About Us

Over the past two decades, our studies have focused on common, complex forms of cardiovascular/metabolic disorders, including atherosclerosis, fatty liver disease, and, more recently, heart failure. We have used population-based approaches in both animal models and humans as well as experimental studies in mice. Human genome-wide association studies in large human populations have revolutionized our understanding of common diseases, but in addition to the identification of causal genes we are interested an understanding of the higher-order interactions. To dissect such interactions, we use a systems biology perspective, integrating clinical trait phenotypes with genetic, epigenetic, transcriptomic, proteomic, and metabolomic high-throughput data.

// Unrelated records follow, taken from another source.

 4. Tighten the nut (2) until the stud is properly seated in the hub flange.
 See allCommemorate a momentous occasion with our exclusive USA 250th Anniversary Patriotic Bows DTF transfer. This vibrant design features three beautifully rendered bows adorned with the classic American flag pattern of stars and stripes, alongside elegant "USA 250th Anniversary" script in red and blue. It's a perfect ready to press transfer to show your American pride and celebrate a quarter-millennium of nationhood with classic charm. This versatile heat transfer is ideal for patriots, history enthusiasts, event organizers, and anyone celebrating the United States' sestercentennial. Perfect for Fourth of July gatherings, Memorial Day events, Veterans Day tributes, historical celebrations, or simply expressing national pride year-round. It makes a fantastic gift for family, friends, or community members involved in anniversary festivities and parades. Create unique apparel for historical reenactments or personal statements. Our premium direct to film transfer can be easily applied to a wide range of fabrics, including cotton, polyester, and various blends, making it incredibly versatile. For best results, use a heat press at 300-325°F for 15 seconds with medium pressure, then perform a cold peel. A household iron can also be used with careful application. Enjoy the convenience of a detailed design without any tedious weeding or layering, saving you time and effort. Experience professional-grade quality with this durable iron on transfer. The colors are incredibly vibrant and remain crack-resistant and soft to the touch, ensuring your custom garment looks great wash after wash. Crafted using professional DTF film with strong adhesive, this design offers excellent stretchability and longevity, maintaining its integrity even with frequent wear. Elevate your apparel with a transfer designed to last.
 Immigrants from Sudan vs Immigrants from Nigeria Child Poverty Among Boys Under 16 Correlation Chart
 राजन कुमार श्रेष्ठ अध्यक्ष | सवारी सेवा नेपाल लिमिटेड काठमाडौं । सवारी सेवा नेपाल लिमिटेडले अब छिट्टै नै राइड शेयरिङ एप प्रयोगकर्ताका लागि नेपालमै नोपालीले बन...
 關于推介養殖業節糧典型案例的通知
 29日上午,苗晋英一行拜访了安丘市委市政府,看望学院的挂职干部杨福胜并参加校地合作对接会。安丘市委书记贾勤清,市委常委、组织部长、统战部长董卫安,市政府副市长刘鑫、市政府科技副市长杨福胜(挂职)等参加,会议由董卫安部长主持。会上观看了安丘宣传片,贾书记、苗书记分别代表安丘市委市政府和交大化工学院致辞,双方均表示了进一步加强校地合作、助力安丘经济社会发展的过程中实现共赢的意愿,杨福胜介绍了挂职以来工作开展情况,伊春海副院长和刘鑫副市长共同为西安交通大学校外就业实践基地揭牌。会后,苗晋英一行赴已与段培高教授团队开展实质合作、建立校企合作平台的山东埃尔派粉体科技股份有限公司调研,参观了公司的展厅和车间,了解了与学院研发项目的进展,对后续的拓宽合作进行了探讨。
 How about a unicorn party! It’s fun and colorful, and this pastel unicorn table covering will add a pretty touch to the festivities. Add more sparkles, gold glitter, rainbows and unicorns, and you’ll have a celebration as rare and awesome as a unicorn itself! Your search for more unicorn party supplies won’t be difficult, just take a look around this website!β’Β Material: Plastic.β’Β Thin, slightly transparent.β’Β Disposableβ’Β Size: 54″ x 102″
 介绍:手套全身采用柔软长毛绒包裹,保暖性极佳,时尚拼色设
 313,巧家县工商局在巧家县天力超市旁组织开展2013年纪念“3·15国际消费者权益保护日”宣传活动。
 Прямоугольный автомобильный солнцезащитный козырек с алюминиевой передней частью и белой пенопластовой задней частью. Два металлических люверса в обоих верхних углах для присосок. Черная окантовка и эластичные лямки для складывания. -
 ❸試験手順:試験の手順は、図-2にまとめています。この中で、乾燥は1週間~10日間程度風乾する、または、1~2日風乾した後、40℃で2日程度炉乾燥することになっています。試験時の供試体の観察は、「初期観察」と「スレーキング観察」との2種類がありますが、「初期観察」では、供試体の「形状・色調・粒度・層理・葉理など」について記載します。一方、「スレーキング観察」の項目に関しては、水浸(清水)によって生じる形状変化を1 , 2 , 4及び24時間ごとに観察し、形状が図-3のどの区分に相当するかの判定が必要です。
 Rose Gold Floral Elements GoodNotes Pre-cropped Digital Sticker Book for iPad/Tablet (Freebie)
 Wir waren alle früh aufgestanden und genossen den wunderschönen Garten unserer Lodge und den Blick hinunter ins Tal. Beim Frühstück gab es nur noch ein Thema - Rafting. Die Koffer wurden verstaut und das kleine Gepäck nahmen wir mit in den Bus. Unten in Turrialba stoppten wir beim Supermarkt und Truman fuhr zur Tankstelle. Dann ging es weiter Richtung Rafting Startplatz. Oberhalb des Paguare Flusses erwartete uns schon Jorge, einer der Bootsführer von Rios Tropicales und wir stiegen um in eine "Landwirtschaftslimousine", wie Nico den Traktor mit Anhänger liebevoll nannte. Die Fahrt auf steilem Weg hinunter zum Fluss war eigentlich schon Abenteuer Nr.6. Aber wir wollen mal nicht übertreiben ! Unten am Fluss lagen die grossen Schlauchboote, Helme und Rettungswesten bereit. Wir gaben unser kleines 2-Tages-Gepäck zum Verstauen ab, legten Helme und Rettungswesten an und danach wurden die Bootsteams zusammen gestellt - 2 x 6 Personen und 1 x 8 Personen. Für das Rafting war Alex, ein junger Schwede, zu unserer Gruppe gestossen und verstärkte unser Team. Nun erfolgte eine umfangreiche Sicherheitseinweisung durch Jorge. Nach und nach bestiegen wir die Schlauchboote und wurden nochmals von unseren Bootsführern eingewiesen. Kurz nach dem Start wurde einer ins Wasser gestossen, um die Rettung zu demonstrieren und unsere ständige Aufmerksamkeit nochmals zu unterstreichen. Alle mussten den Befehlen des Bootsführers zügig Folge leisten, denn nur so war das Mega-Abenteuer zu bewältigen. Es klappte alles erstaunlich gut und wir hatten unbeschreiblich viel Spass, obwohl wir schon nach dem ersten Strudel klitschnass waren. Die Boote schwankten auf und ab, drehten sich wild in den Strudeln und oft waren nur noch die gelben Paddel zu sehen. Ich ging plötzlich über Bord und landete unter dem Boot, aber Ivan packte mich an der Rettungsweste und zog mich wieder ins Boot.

To model common human genetic variation under specific environmental conditions, we have developed a reference resource, called the Hybrid Mouse Diversity Panel (HMDP), that consists of a panel of about 100 well characterized inbred strains of mice. As compared to human studies, the panel has the advantage of replication, access to relevant tissues and control of environmental factors. The panel has now been extensively characterized for clinical traits and multiple high throughput “omics” phenotypes. To complement the studies in mice, we investigate publicly available data and participate in studies of well-characterized human cohorts, including METSIM and STARNET.

A recent application of our “systems genetics” approach is the use of expression data from multiple tissues in the HMDP to identify novel endocrine-like interactions. We used the approach to identify coagulation factor 11 as a key mediator of crosstalk between liver and heart in both mice and humans and showed that deficiencies of factor 11 contribute to a common form of heart failure (Cao et al.. Science, 2022). Other recent applications of systems genetics approach include the identification of novel pathways contributing to metabolic syndrome (Chella Krishnan et al. Nat Metab., 2021) and fatty liver disease (Hui et al. Cell Mol Gastroenterol Hepatol., 2023).